When Alfred started with the firm, it had five employees. At his death twenty
thousand people worked for Krupp - making it the world's largest industrial
company.
In the 20th century the company was headed by Gustav Krupp von Bohlen und Halbach
(1870-1950), who assumed the surname of Krupp when he married the Krupp heiress.
During World War I some criticized Krupp's policy of selling cannons to the Entente
as well as to the Central Powers, a policy which generated high profits. (Ford and
GM allegedly acted similarly during World War II - however, the American parent
companies did not control the German GM and Ford subsidiaries during
hostilities.)
After Hitler came to power in Germany in 1933, the Krupp works became the center
for German rearmament. In 1943, by a special order from Hitler, the company
reverted into a family holding, and Alfried Krupp von Bohlen und Halbach (1907 -
67) took over the management. After Germany's defeat, when Gustav proved incapable
of going on trial, the U.S. Nuremberg Military Tribunal convicted Alfred as a war
criminal (in the so-called "Krupp Trial") for his company's use of slave labor. It
sentenced him to 12 years in prison and ordered him to sell 75% of his holdings. In
1951, as the Cold War developed and no buyer came forward, the authorities released
him, and in 1953 he resumed control of the firm.
In 1999, the Krupp Group merged with its largest competitor, Thyssen AG; the
combined company — ThyssenKrupp AG, became Germany's fifth-largest firm and one of
the largest steel-producers in the world.
Early
history
The Krupp family first appeared in the historical record in 1587, when Arndt Krupp
joined the merchants' guild in Essen. Arndt, a trader, arrived in town just before
an epidemic of plague and became one of the city's wealthiest men by purchasing the
property of families who fled the epidemic. After he died in 1624, his son Anton
took over the family business; Anton oversaw an extensive gunsmithing operation
during the Thirty Years' War (1618 - 1648), beginning the family's long association
with weapon manufacturing.
For the next century the Krupps continued to prosper, generation after generation,
becoming Essen's most powerful family and accumulating more and more property in
the city. By the mid-eighteenth-century, Friedrich Jodocus Krupp, Arndt's
great-great-grandson, headed the Krupp family. In 1751, he married Helene Amalie
Ascherfeld (another of Arndt's great-great-grandchildren); Jodocus died six years
later, which left his widow to run the business--a family first. The Widow Krupp
greatly expanded the family's holdings over the decades, acquiring a mill, shares
in four coal mines, and (in 1800) an iron forge located on a stream near Essen.
Friedrich's
era
In 1807 the progenitor of the modern Krupp firm, Friedrich Krupp, began his
commercial career at age 19 when the Widow Krupp appointed him manager of the
forge. Friedrich's father, the widow's son, had died 11 years previously; since
that time, the widow had tutored the boy in the ways of commerce, as he seemed the
logical family heir.

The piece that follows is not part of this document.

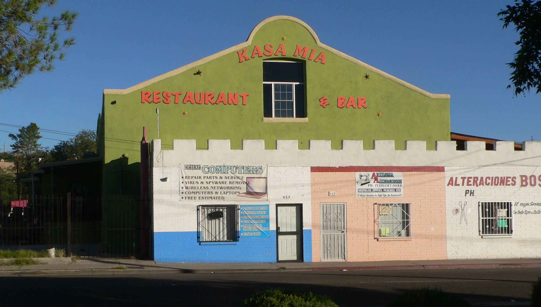 Kasa Mia restaurant and bar, located at 460 N. Arroyo Boulevard in Nogales, Arizona. Camera is facing northwest, across Grand Avenue.

Unfortunately, Friedrich proved too ambitious for his own
good, and quickly ran the formerly profitable forge into the ground. The widow soon
had to sell it away.
Friedrich continued to squander the family's money. In 1810, the widow died, and in
what would prove a disastrous move, left virtually all the Krupp fortune and
property to Friedrich. Newly enriched, Friedrich decided to discover the secret of
cast (crucible) steel. Benjamin Huntsman, a clockmaker from Sheffield, had
pioneered a process to make crucible steel in 1740, but the British had managed to
keep it secret since then, forcing others to import the material. But after the
Royal Navy began its blockade of Napoleon's empire, British steel became
unavailable, and so Napoleon offered a prize of four thousand francs to anyone who
could replicate the British process. And this prize piqued Friedrich's
interest.
Thus, in 1811 Friedrich founded the Krupp Gusstahlfabrik (Cast Steel Works). He
soon discovered, however, that he would need a large facility with a power source
for success, and so he built a mill and foundry on an Essen stream. Soon Friedrich
started pouring huge sums of time and money into the small, waterwheel-powered
facility, neglecting all other Krupp business. After much work, Friedrich produced
his first smelt steel in 1816.
Alfred's
era Alfred Krupp (Alfried Felix Alwyn Krupp April 26, 1812 - July
14, 1887), son of Friedrich Carl, was born in Essen. Friedrich's death in 1826
left his widow as owner of the works. Alfred had to leave school at the age of
fourteen and take on the direction of the works. The prospect seemed a
cheerless one. His father had spent a considerable fortune in the attempt to
cast steel in large blocks: in order to keep the works going at all, the
family had to live in extreme frugality, while the youthful director laboured
alongside the workmen by day, and carried on his father's experiments at
night. For the next fifteen years, the works made barely enough money to cover
the workmen's wages.
In 1841, his invention of the spoon-roller brought in enough money for Alfred to
enlarge the factory and spend money on casting steel blocks. In 1847 he made his
first cannon of cast steel. At the Great Exhibition of 1851 he exhibited a 6
pounder (2.7 kg) cannon made entirely from cast steel, and a solid flawless ingot
of steel weighing 2000 pounds (907 kg), more than twice as much as any previously
cast.
Krupp's exhibit caused a sensation in the engineering world, and the Essen works at
once became famous. In 1851, another successful invention, one for the making of
railway tyres, made a profit, which Alfred Krupp devoted partly to enlarging and
equipping the factory, and partly to his long-cherished scheme - the construction
of a breech-loading cannon of cast steel. Krupp himself strongly believed in the
superiority of breech-loaders over muzzle-loaders, on account of the greater
accuracy of firing and the saving of time, but this view did not win general
acceptance in Germany till after the Franco-Prussian war, Krupp supplied his
perfected field-pieces throughout Europe and wished to fulfill an order of guns to
the Hapsburg empire on the eve of the Prusso-Austrian war, much to Bismarck's fury.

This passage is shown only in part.